BentoML is part of the MLOps toolset. Discover other top-tier MLOps tools for training, tracking, deploying, orchestrating, testing, monitoring, and managing infrastructure by reading the blog Top 15 LLMOps Tools for Building AI Applications in 2024.

Diagram: How BentoML works

How BentoML works | Image source: BentoML

The Bento ecosystem's shining star is its cloud: BentoCloud is an extension of BentoML's framework, offering additional tools and services to make deploying, monitoring, and scaling AI models even easier. 

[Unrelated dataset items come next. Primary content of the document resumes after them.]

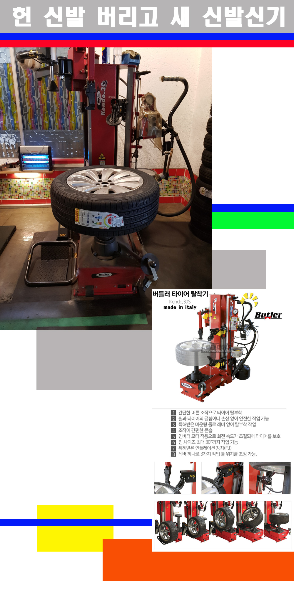 이태리 버틀러사의 켄도3.0S는 휠과 타이어와 조립과 분리시 전혀 제품에 손상을 주지않는 탈착기로 특히 센터락방식(중앙에서 휠를 고정하는 방식)이여서 휠의 중앙부위 잡아서 타이어를 탈부착하고 이후 상하롤러로 타이어를 탈부착합니다 특히 유니포미티작업(휠의 가장가벼운부분과 타이어의 가장 무거운부분을 매칭시키는 작업)시 작업자가 타이어를 정확한 지점에 휠과 매칭시킬수 있는 장점도 있습니다 유니포미티작업 불량시 과도한 진동값으로 핸들링불안 승차감저하 과도한 노면의 충격흡수를 가져와 주행감성을 해치는 첫번째 이유입니다 하지만 이런 작업을 무시하고 그냥 정적인 휠발란스작업만 하는것이 현실입니다 보통 타이어가격만 생각하시고 장착을 하시는데 꼭 이런 부분까지 챙길수 있는 샵을 권장합니다
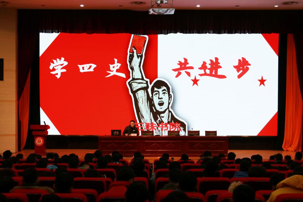 12月30日,書院黨支部組織委員王成琳講授“學四史 共進步”黨課。王成琳從新時代為什么要學“四史”、新時代“四史”學什么、新時代“四史”怎么學這幾個方面講解,并用生動的語言和精彩的故事講述了黨成立初期的歷史和先進人物事跡,大家紛紛圍繞四史展開心得交流和集中學習,感悟良多、收獲滿滿。
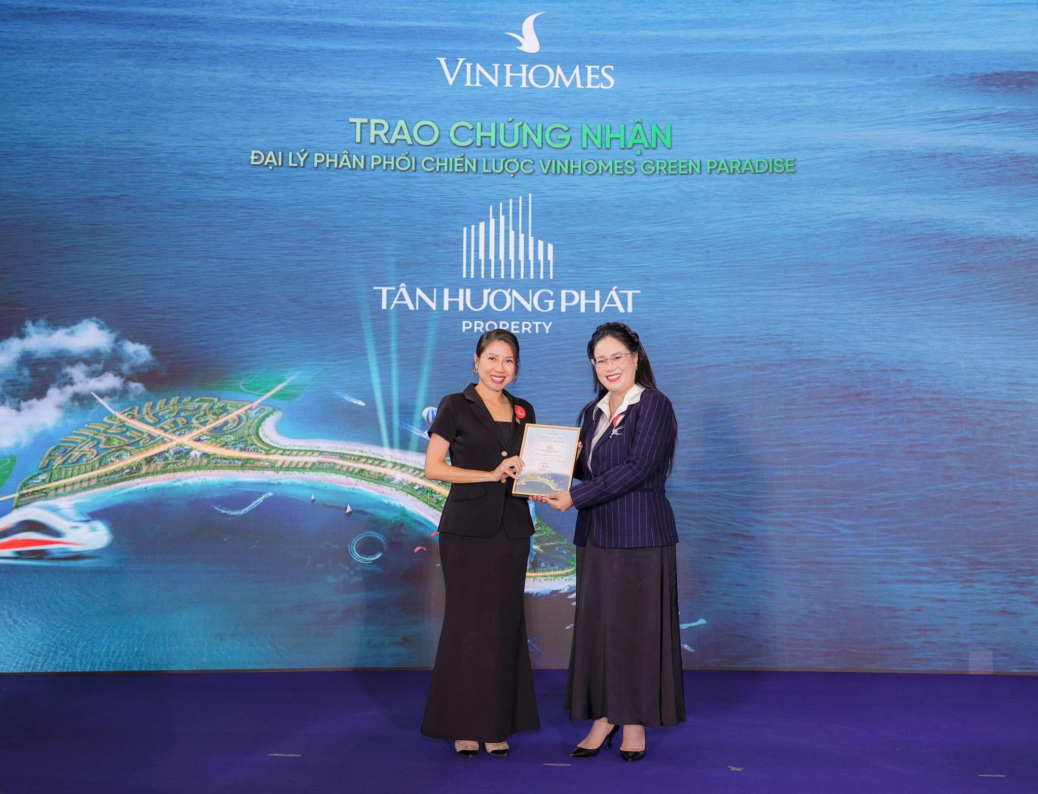 Bà Đinh Thúy Hương – CT HĐQT Tân Hương Phát Property nhận chứng nhận Đại lý F1 Vinhomes Green Paradise Cần Giờ từ CĐT Vinhomes
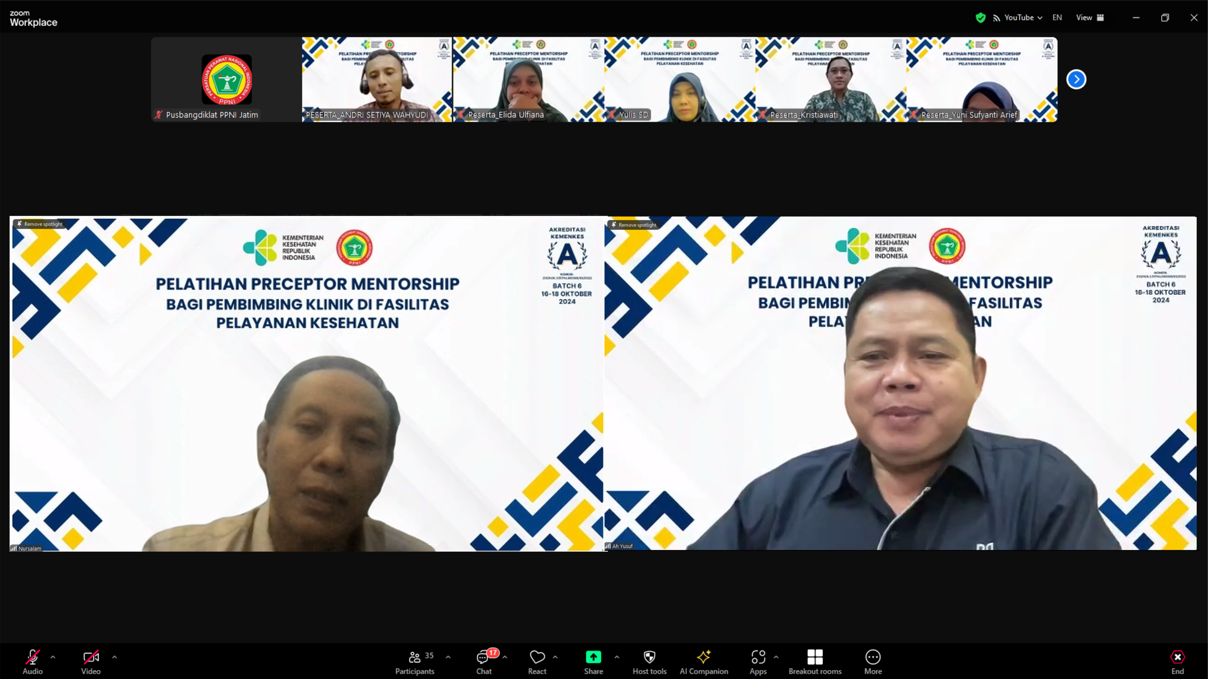 Surabaya, 16 Oktober 2024 – Pelatihan Preceptorship & Mentorship Batch ke-6 yang diselenggarakan oleh Pusat Pengembangan Pendidikan dan Pelatihan (Pusbangdiklat) PPNI DPW Provinsi Jawa Timur resmi dibuka hari ini. Acara ini diadakan secara daring melalui platform Zoom Meeting selama tiga hari, mulai tanggal 16 hingga 18 Oktober 2024. Sebanyak 30 peserta yang terdiri dari dosen dan tenaga pengajar Fakultas Keperawatan Universitas Airlangga (UNAIR) Surabaya turut berpartisipasi dalam pelatihan ini.

By signing up, users can access free credits to get started, making it an attractive option for developers and enterprises.

If you are a non-technical individual looking for a no-code to low-code solution for developing an LLM application, I recommend following the Local AI with Docker, n8n, Qdrant, and Ollama guide.

Build MLOps Skills Today

Start from scratch and gain career-building MLOps skills.
Start Learning for Free

Getting Started with BentoML

In this section, we will serve a simple AI application that takes questions and context from the user and generates the response.

We will start by installing BentoML, PyTorch, and the Transformers library using pip. Run the following commands in your terminal:  

$ pip install bentoml
$ pip install torch
$ pip install transformers

Next, we will create a service.py file to define the AI server. 

Using BentoML commands, we will import the Transformers pipeline, which allows us to load the model and perform inference with just 2 lines of code.

We will set up example text inputs and context, configure the BentoML service with parameters like the number of CPUs and traffic timeout, and initialize the Question_Answering class using the Transformers pipeline.

Finally, we will create an API called generate(), which takes inputs and outputs and returns the generated answer.

from __future__ import annotations

import bentoml

with bentoml.importing():
    from transformers import pipeline


EXAMPLE_INPUT = "How can I generate a secure password?"
EXAMPLE_CONTEXT = """
To generate a secure password, you can use tools like the LastPass Password Generator.
These tools create strong, random passwords that help prevent security threats by ensuring your accounts are protected against hacking attempts.
A secure password typically includes a mix of uppercase and lowercase letters, numbers, and special characters. Avoid using easily guessable information like names or birthdays.
Using a password manager like LastPass can also help you store and manage these secure passwords effectively.
"""



@bentoml.service(
    resources={"cpu": "4"},
    traffic={"timeout": 10},
)
class Question_Answering:
    def __init__(self) -> None:
        # Load model into pipeline
        self.pipe = pipeline(
            "question-answering",
            model="deepset/roberta-base-squad2",
        )

    @bentoml.api
    def generate(
        self,
        text: str =EXAMPLE_INPUT,
        doc: str = EXAMPLE_CONTEXT,
    ) -> str:
        result = self.pipe(question=text, context=doc)
        return result["answer"]

Serve the AI service locally by typing the following command into the terminal: 

$ bentoml serve service:Question_Answering 

As you can see, we have provided the command above with the file name (service) and the Python class (Question_Answering ) name for AI model inference.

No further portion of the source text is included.